Report every line of the records below that contains the word "naped".

= Beginning of Section =

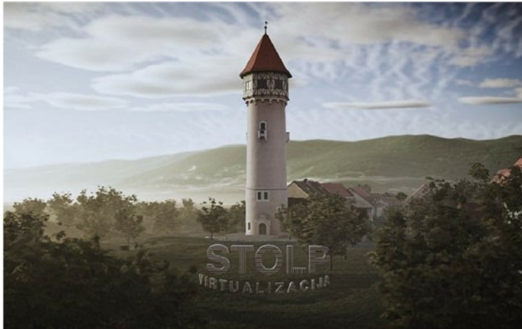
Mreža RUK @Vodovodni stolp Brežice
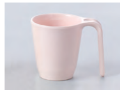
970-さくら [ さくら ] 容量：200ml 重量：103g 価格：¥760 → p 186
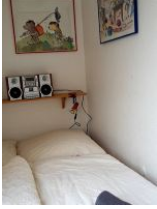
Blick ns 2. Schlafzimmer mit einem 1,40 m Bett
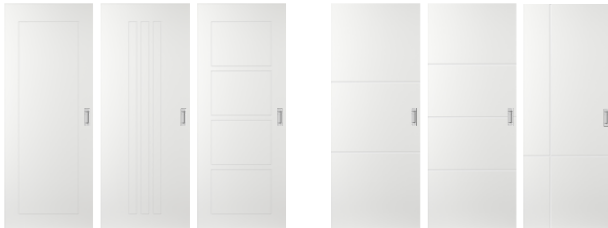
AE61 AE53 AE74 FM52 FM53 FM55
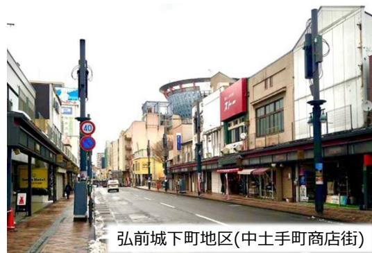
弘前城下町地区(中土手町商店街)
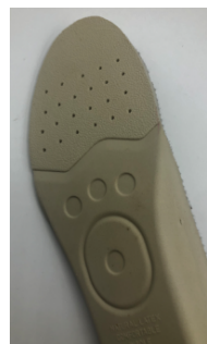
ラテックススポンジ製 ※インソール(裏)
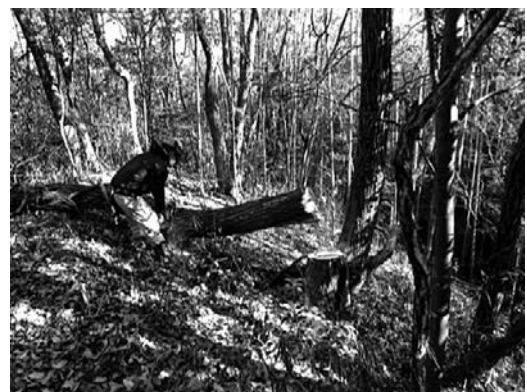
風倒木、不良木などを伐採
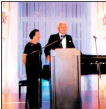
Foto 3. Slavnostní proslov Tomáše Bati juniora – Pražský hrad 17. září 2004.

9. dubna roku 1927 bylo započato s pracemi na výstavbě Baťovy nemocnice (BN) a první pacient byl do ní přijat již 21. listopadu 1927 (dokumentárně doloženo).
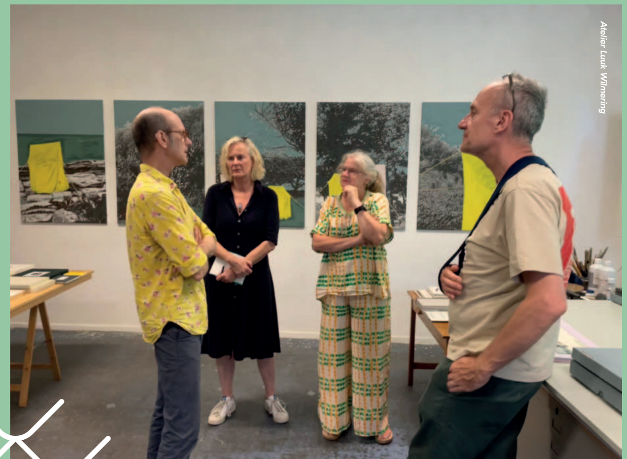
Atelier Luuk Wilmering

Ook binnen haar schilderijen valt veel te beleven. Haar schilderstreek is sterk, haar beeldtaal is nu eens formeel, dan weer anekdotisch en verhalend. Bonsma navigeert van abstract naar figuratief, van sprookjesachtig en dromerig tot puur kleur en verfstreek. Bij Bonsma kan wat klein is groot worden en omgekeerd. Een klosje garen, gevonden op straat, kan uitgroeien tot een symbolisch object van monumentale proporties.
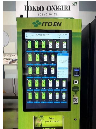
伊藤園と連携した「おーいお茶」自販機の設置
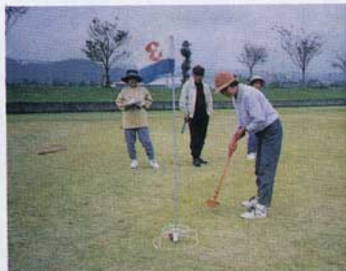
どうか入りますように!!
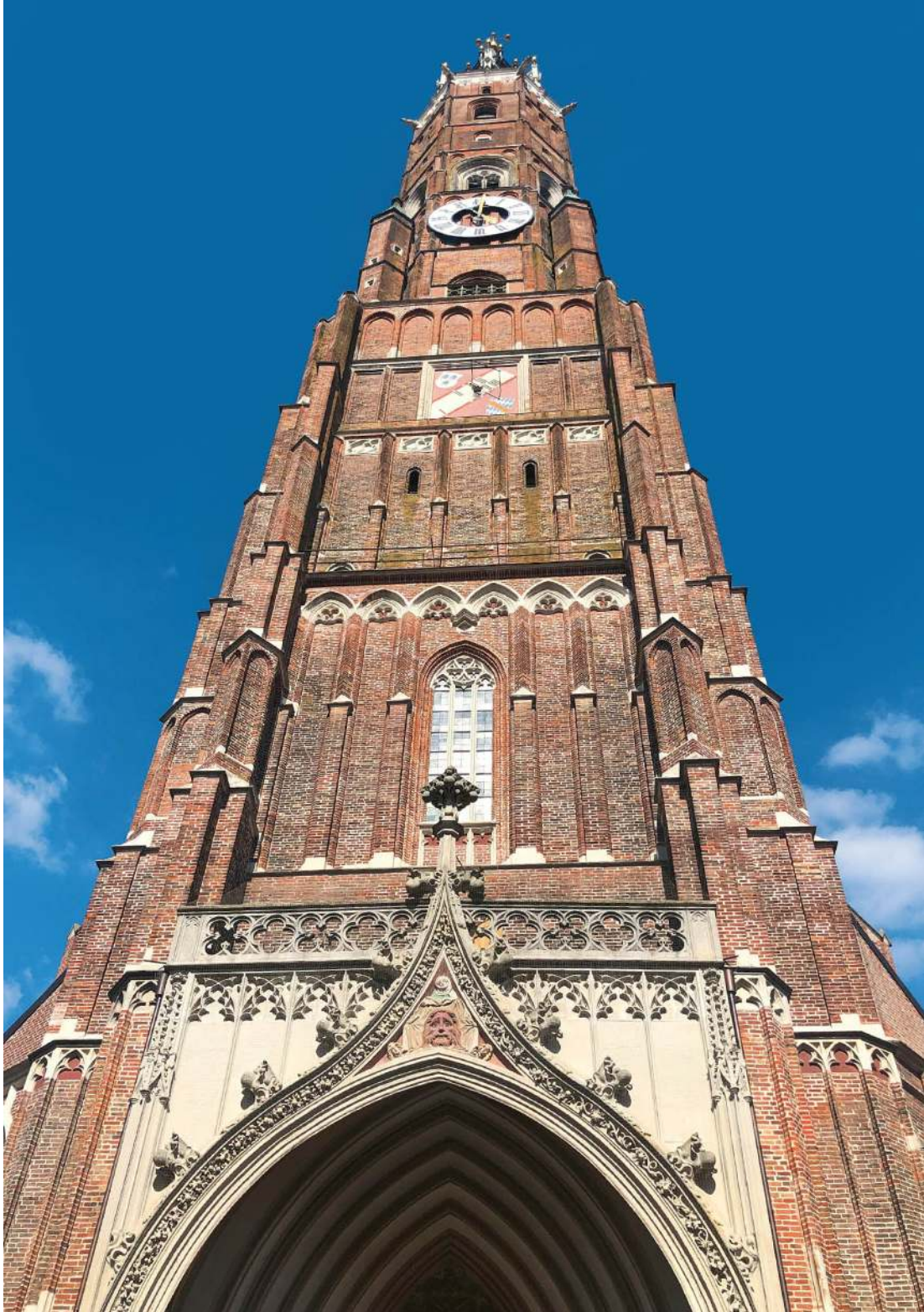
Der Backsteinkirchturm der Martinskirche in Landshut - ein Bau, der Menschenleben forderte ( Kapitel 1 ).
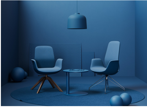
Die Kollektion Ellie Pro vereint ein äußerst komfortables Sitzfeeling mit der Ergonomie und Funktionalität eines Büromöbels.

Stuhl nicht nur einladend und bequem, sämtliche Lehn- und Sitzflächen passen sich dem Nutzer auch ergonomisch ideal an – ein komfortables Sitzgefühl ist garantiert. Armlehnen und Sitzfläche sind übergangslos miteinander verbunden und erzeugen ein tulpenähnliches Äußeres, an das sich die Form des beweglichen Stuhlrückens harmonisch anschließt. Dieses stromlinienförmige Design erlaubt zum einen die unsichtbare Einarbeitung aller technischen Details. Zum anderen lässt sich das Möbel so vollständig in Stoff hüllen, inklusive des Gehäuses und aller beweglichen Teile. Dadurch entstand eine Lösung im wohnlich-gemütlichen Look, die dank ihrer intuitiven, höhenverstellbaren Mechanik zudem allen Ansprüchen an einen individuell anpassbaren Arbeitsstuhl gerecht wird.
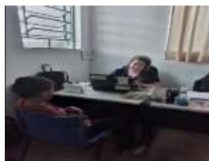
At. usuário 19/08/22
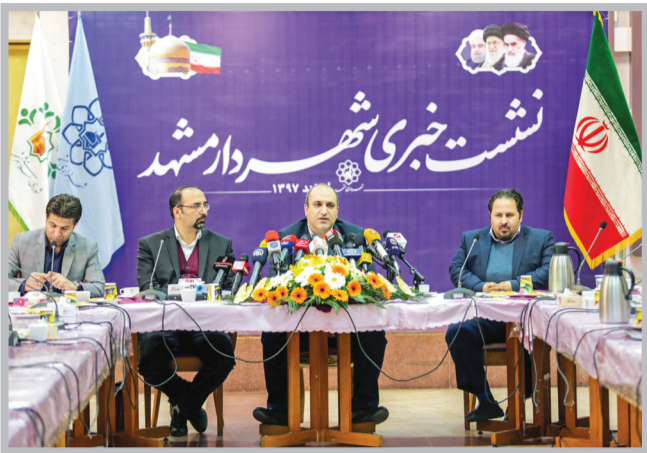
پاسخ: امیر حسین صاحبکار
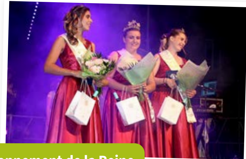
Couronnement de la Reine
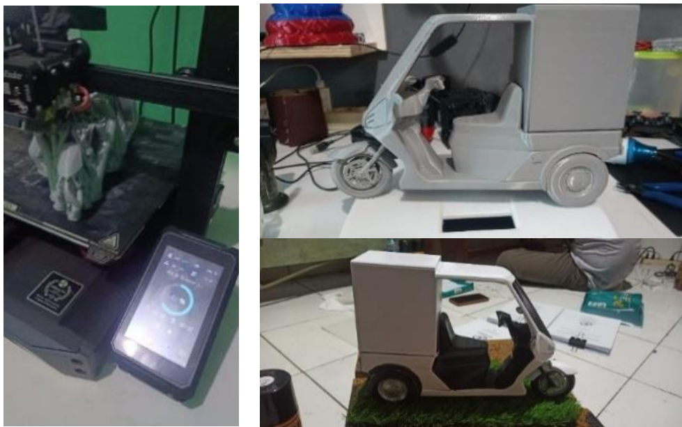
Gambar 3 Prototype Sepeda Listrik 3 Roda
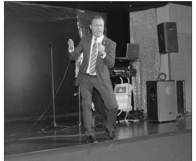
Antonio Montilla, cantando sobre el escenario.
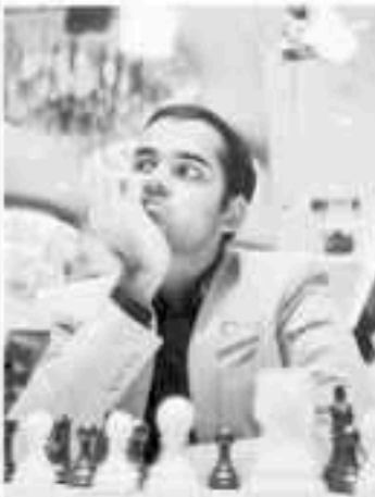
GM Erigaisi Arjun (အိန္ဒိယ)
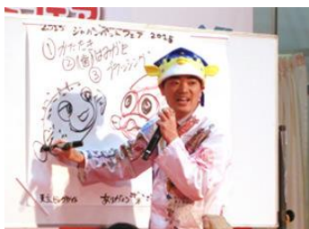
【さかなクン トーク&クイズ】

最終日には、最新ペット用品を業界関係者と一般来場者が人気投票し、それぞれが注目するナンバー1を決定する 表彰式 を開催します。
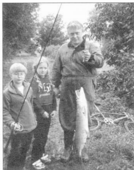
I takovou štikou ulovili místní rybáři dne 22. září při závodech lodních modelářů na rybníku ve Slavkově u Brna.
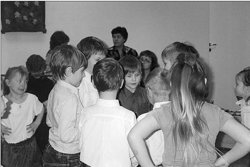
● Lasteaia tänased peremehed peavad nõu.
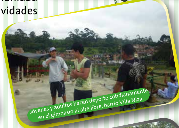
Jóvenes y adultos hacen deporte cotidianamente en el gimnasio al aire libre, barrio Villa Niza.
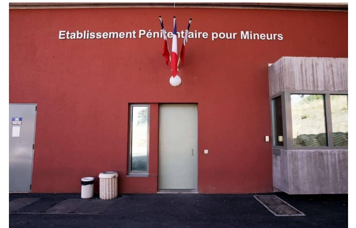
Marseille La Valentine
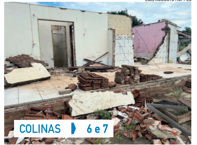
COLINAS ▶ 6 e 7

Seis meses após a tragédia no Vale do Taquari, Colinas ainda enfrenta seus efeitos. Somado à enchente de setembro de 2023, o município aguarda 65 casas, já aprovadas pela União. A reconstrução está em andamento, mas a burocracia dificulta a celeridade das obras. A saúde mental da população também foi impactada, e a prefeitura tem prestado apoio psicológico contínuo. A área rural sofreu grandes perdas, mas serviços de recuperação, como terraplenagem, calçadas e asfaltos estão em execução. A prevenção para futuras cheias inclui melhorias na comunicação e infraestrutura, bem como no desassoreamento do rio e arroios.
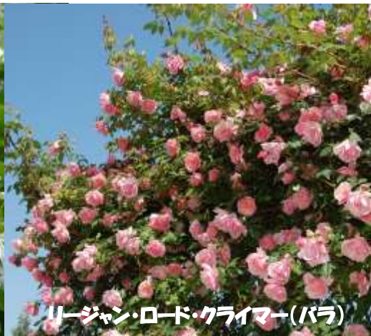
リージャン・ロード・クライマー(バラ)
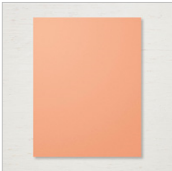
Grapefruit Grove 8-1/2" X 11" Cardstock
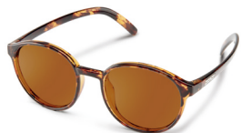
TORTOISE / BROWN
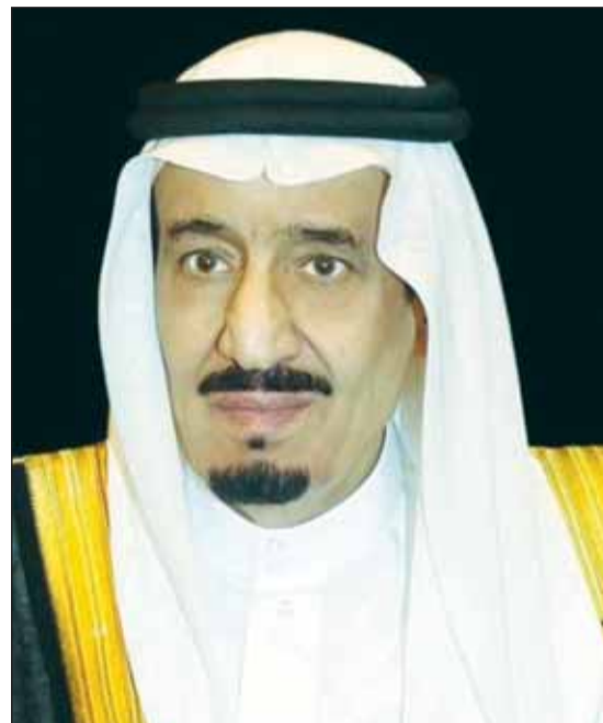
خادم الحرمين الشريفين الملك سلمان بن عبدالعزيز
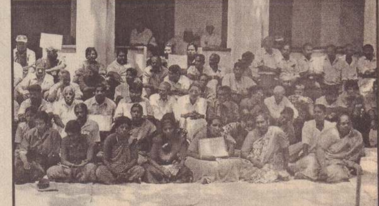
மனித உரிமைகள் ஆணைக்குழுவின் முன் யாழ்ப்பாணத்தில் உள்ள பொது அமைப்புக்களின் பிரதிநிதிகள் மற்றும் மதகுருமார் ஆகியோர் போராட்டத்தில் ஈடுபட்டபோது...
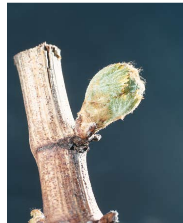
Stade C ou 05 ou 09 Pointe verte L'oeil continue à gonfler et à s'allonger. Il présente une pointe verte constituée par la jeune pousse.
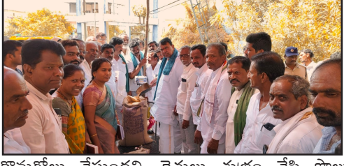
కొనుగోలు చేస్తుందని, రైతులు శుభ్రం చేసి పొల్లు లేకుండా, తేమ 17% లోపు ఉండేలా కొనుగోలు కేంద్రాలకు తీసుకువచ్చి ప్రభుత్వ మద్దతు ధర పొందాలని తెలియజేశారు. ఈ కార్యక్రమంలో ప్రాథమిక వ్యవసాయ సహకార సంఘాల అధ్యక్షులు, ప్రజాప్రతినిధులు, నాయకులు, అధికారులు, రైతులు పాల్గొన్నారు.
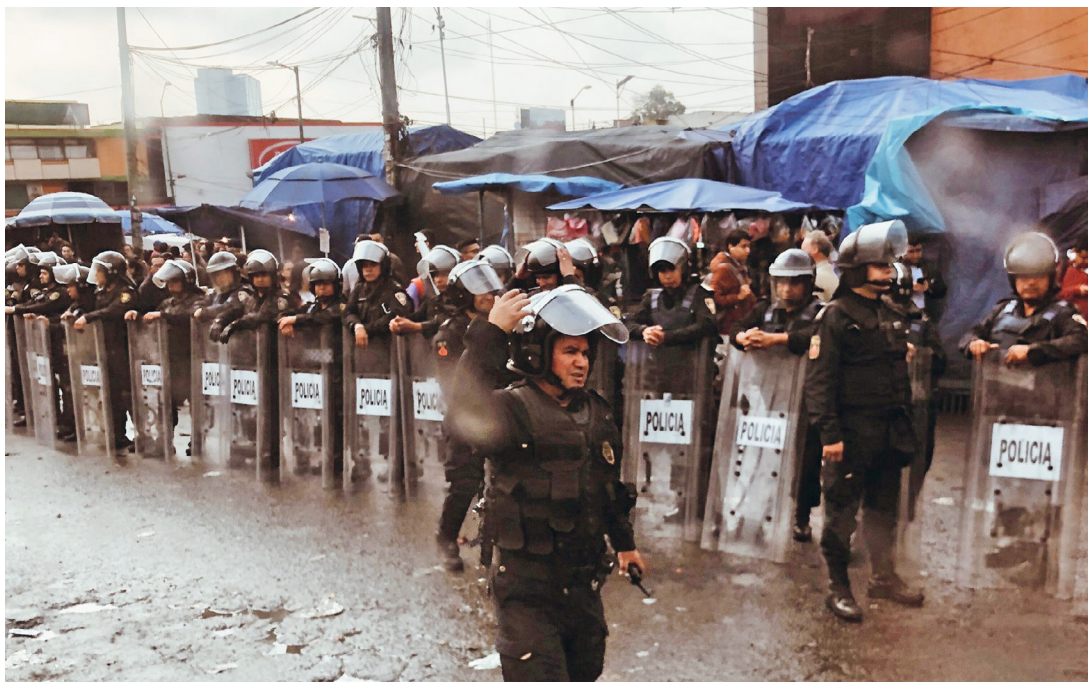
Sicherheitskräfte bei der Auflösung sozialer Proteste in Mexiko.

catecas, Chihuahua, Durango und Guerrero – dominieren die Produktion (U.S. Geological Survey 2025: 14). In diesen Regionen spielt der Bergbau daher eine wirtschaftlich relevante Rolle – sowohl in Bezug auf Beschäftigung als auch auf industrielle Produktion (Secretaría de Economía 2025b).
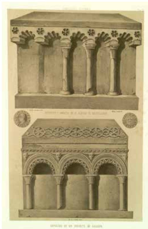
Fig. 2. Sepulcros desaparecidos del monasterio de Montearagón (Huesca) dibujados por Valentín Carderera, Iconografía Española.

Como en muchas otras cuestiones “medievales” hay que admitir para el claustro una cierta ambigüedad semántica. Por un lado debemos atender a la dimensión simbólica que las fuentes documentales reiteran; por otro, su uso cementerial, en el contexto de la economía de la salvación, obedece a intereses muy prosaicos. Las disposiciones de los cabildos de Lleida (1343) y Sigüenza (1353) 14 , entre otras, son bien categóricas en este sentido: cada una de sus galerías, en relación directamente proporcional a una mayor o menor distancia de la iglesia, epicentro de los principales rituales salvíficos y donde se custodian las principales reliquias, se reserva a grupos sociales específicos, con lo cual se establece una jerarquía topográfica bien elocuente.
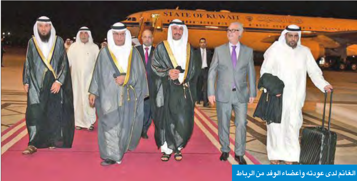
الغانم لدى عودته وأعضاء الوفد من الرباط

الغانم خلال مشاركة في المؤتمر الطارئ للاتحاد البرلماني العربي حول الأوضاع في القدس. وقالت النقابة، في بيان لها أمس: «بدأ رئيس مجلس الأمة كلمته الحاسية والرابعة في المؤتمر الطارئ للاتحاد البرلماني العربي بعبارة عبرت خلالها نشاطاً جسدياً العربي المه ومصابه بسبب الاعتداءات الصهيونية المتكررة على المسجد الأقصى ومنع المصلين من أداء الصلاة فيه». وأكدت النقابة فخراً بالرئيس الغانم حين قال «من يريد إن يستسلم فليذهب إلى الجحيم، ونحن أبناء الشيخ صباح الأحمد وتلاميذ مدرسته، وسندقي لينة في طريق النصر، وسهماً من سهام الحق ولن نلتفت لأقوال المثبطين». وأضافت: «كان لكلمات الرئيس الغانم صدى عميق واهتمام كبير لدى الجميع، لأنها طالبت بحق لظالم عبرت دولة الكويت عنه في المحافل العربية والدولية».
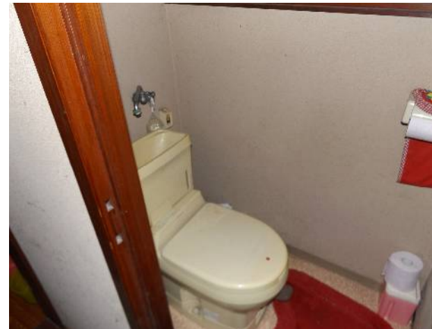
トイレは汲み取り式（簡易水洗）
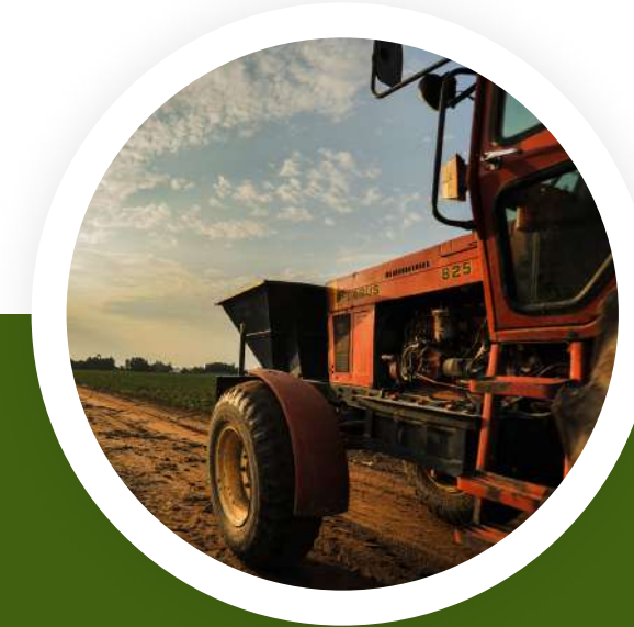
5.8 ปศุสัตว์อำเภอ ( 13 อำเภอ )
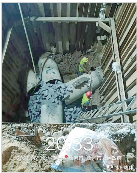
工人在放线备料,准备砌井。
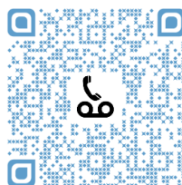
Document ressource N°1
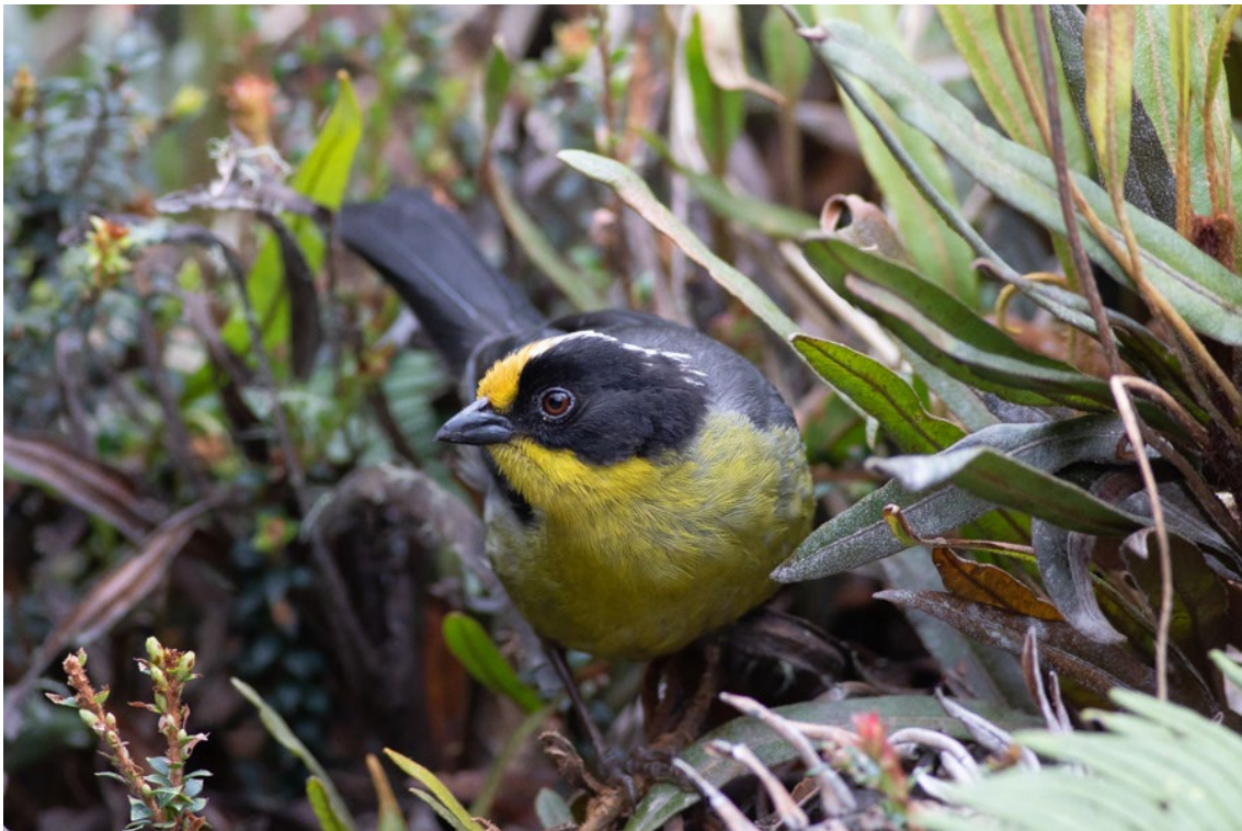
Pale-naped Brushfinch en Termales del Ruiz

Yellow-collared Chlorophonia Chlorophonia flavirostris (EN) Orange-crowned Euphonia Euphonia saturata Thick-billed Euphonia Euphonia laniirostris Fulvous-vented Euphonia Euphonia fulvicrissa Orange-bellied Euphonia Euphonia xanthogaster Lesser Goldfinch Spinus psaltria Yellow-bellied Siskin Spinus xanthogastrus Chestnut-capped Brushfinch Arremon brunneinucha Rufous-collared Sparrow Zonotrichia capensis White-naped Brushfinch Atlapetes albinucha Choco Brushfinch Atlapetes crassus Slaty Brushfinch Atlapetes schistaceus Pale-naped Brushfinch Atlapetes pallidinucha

= End of Section =

TASK OUTPUT ▸
Pale-naped Brushfinch en Termales del Ruiz
Yellow-collared Chlorophonia Chlorophonia flavirostris (EN) Orange-crowned Euphonia Euphonia saturata Thick-billed Euphonia Euphonia laniirostris Fulvous-vented Euphonia Euphonia fulvicrissa Orange-bellied Euphonia Euphonia xanthogaster Lesser Goldfinch Spinus psaltria Yellow-bellied Siskin Spinus xanthogastrus Chestnut-capped Brushfinch Arremon brunneinucha Rufous-collared Sparrow Zonotrichia capensis White-naped Brushfinch Atlapetes albinucha Choco Brushfinch Atlapetes crassus Slaty Brushfinch Atlapetes schistaceus Pale-naped Brushfinch Atlapetes pallidinucha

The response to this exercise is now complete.